Figure 1. Bidirectional pathways involved in the communication between the gut microbiota and the brain (MGBX). They communicate through vagal and spinal nerves. SCFA, LPS, PPG, GABA, microbial metabolites, other neurotransmitters and endocrine cells are also involved. Dysbiosis can be caused by stress that may alter tryptophan levels, SCFA levels, the immune system, and gut permeability. Additionally, release of cytokines and chemokines (IL-6, IL-1β, IL-8) can lead to neuroinflammation and activation of HPA axis. SCFA: short-chain fatty acids, LPS: lipopolysaccharides, PPG: peptidoglycans, GABA: gama-aminobutyric acid, HPA axis: hypothalamic–pituitary–adrenal axis, CRF: corticotropin-releasing factor, ACTH: adrenocorticotropic hormone.
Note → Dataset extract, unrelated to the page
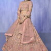 Peach heavy embroidered bridal lehenga choli, made with thread and zarkan work. Comes with matching lehenga, choli and net dupatta.

Table 2. Neurotransmitters produced by gut microbiota and their role in brain function.

Gut Microbiota	Metabolites	Study	Association in Brain Function	References
Lactobacillus, Bifidobacterium	GABA	Human/animal metagenomic	Main inhibitory neurotransmitter of the CNS and a potential mediator between bacterial cells and the host. Regulates depression, anxiety, behavioral and cognitive functions.	[38,39]
Akkermansia muciniphila, Lactobacillus plantarum DR7	Serotonin or 5-HT	Animal metagenomic	Regulates mood, learning, cognition, and memory.	[40,41]
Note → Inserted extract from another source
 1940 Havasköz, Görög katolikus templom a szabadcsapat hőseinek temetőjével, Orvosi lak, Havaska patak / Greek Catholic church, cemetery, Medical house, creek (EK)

Bifidobacterium longum, Clostridium symbiosum, Faecalibacterium prausnitzii, Lactobacillus fermentum	SCFA	Human/animal metagenomic	Regulate neuro-immunoendocrine function, reduce inflammation, promote the synthesis and secretion of neurotransmitters, hormones and suppress permeability of the blood–brain barrier.	[42,43,44]
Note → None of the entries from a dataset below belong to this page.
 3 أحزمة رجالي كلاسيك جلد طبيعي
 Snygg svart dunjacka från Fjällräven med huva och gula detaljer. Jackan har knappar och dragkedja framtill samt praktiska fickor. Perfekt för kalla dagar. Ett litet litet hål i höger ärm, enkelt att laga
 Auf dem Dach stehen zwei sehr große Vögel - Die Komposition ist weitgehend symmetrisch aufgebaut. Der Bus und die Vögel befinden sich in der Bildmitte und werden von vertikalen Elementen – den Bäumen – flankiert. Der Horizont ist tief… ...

Lactobacillus, Escherichia, Streptococcus, Lactococcus, Bacillus	Dopamine	Human/animal metagenomic	Protects neuron loss, improves motor deficits, cognition, reduced stress and anxiety.	[45,46,47]
Escherichia coli, Morganella morganii, Lactobacillus vaginalis, Enterobacter aerogenes	Histamine	Human/animal metagenomic	Regulates depression-like behaviors and impaired sleep-wake cycle.	[48,49,50]
Coryneform, Bacteroides vulgatus, Campylobacter jejuni, Lactobacillus	Glutamate	Human/animal metagenomic	Play role in molecular mechanism of learning, memory, and synaptic plasticity.	[51]
Lactobacillus, Bacillus	Acetylcholine	Animal metagenomic	Memory, emotional personality, self-care ability, cognition, and social life ability.	[52,53]

GABA: gamma-aminobutyric acid, CNS: central nervous system, SCFA: short-chain fatty acids, 5-HT: 5-hydroxytryptamine.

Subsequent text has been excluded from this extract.